Accreting Moons in Saturn’s Rings
A new picture of Saturn’s rings is emerging, and it has to do with moons. Cassini observations presented by Carolyn Porco, head of the Cassini imaging team, at the AGU meeting today show that the small moons within and near the rings are shaped like their Roche lobes. The Roche lobes are not the ears of some strange aliens, but rather are the region of space around an object where its gravity is dominant over the gravity of the planet or star that the object orbits. For example, the Moon orbits the Earth because the Moon is within the Earth’s Roche lobe: the Earth’s gravity controls the motion of the Moon, not the gravity of the Sun. If the Moon were much further from the Earth and outside its Roche lobe, then it would go into an independent orbit around the Sun instead of orbiting the Earth.
So what does this have to do with Saturn’s rings? The particles in Saturn’s rings have Roche lobes that are only a little bit bigger than the particles themselves. This is because they are so close to Saturn, so its gravity can easily dominate the gravity of the small ring particles or moons. Ring particles running into a moonlet can stick to the moonlet if they are within the Roche lobe, but fall off otherwise. The Roche lobe is not spherical, so if accreting ring particles fill the Roche lobe of a moonlet, they will create a low density moon with a particular shape: that of the Roche lobe. And here’s what that looks like.
Image credit: NASA/JPL/Space Science Institute
In this image of the small moon Pan, within the Encke gap of the A ring, the moon is seen to be elongated toward Saturn, and has the shape of the Roche lobe for an object at that location. Measurements of the densities of Pan and other moons show that the moons closest to Saturn are filling their Roche lobes. Any new particles hitting these moons cannot stick because they are pulled away by Saturn’s gravity, leaving the moons with a characteristic shape and density signaling that even within the rings their can be accretion. This may be a clue to the apparent youthful nature of the rings: in a relatively short time, say 10-100 million years from now, Pan will be hit by a small cometary object that will break it apart, creating a new ringlet.
December 16th, 2006 at 9:07 am
I’m not sure that the work Carolyn presented suggests anything *new* about the age of the rings or Pan. Would the presence of a moon of a different density (factor of ~2) or shape in that location change the distription timescale significantly? Or did you mean that the short disruption timescale works well with the ease for re-accretion in that we can destroy and re-form small moons many times?

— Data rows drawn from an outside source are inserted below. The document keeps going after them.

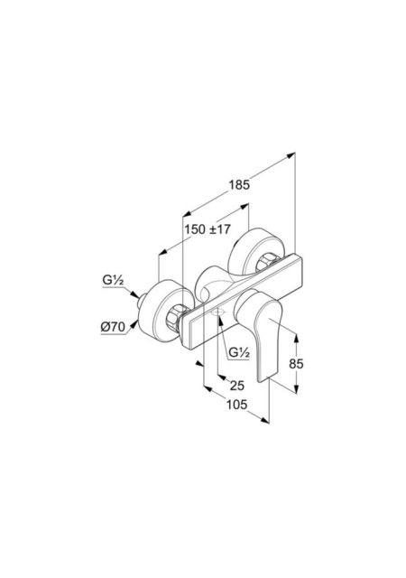 - baterie de dus DN 15 - mâner plin - montaj pe perete - debit 28 l/min la 3 bar - cartuș ceramic cu limitator de apă fierbinte - protecție împotriva fluctuațiilor de presiune a apei - racord duș G 1/2 - excentrice tip S G 1/2 x G 3/4
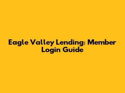 Eagle Valley Lending: Member Login Guide
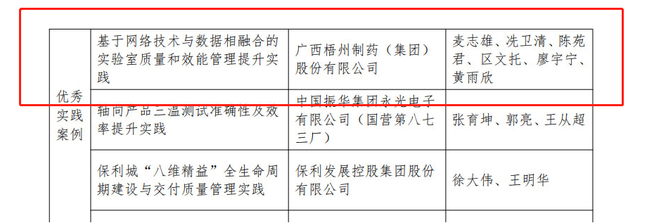 近日,梧州制藥質(zhì)量管理實踐案例《基于網(wǎng)絡(luò)技術(shù)與數(shù)據(jù)相融合的實驗室質(zhì)量和效能管理提升實踐》在商業(yè)科技質(zhì)量中心、《企業(yè)管理》雜志社共同組織開展的2023年企業(yè)質(zhì)量管理優(yōu)秀案例征集活動中,成功入選2023年企業(yè)質(zhì)量管理優(yōu)秀實踐案例。
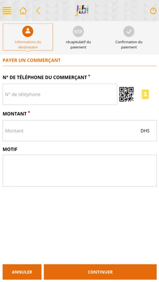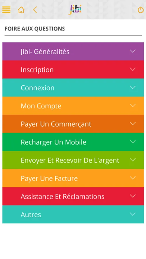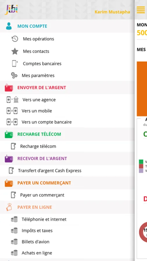 - Envoi d’argent vers un autre compte de paiement mobile Jibi ;
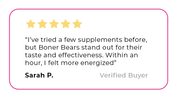 Olvídate de rutinas complicadas y soluciones engorrosas: los Boner Bears son tan fáciles como efectivos. Solo toma uno y deja que su potente fórmula totalmente natural haga el resto. Es una forma sencilla y discreta de mejorar tu intimidad sin perder el ritmo.
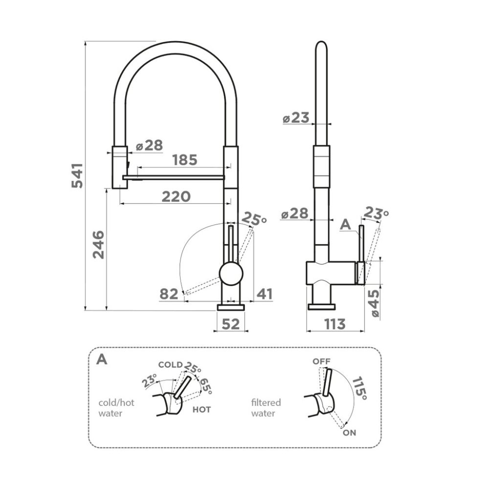 Смеситель для кухни Omoikiri Kanto-2 Plus с подключением фильтра оснащен рычажным управлением для регулировки температуры и напора воды. Горизонтальный монтаж на 1 отверстие. Гибкий излив 220 мм.
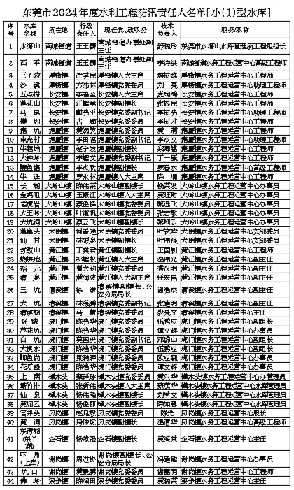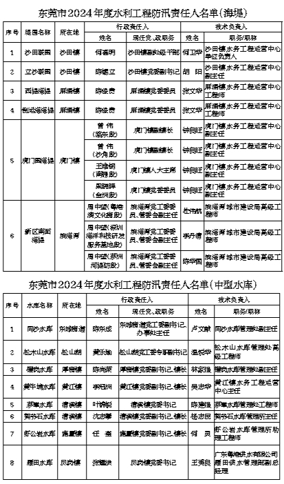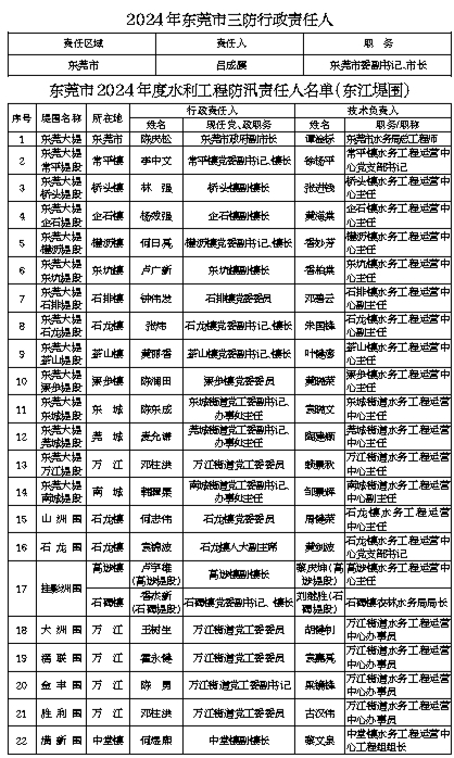 为进一步做好2024年全市三防工作,严格落实三防责任,保障人民群众生命财产安全,根据《中华人民共和国防洪法》《中华人民共和国防汛条例》《中华人民共和国抗旱条例》《广东省防汛防旱防风条例》有关规定,现将我市防汛抗旱防台风行政责任人和东江堤围、海堤、中型水库、小(1)型水库2024年度防汛责任人名单向社会公布。各级有关责任人要切实履行职责,认真做好三防各项工作,自觉接受社会的监督,市应急管理局值班电话:26261717。

December 16th, 2006 at 1:17 pm
In answer to the first question: no. In answer to the second question: a qualified yes. It’s not that the moons’ densities themselves help provide reservoirs for moons, it’s that they indicate that moons are in fact forming in Saturn’s rings. The pre-Cassini view was that there was a one-way collisional cascade, and any moons in the rings were the leftover fragments from a disruption and there is no going back. We now see that the moons are rubble piles, and their growth may be fundamentally limited by external disruption rather than tidal forces (assuming that over long times there could be cold sintering and compaction of the individual pieces to form a more coherent and tidally resistant moonlet). Thus, the rings can be recycled rather than just the eroded fragments of one or two original precursor moons.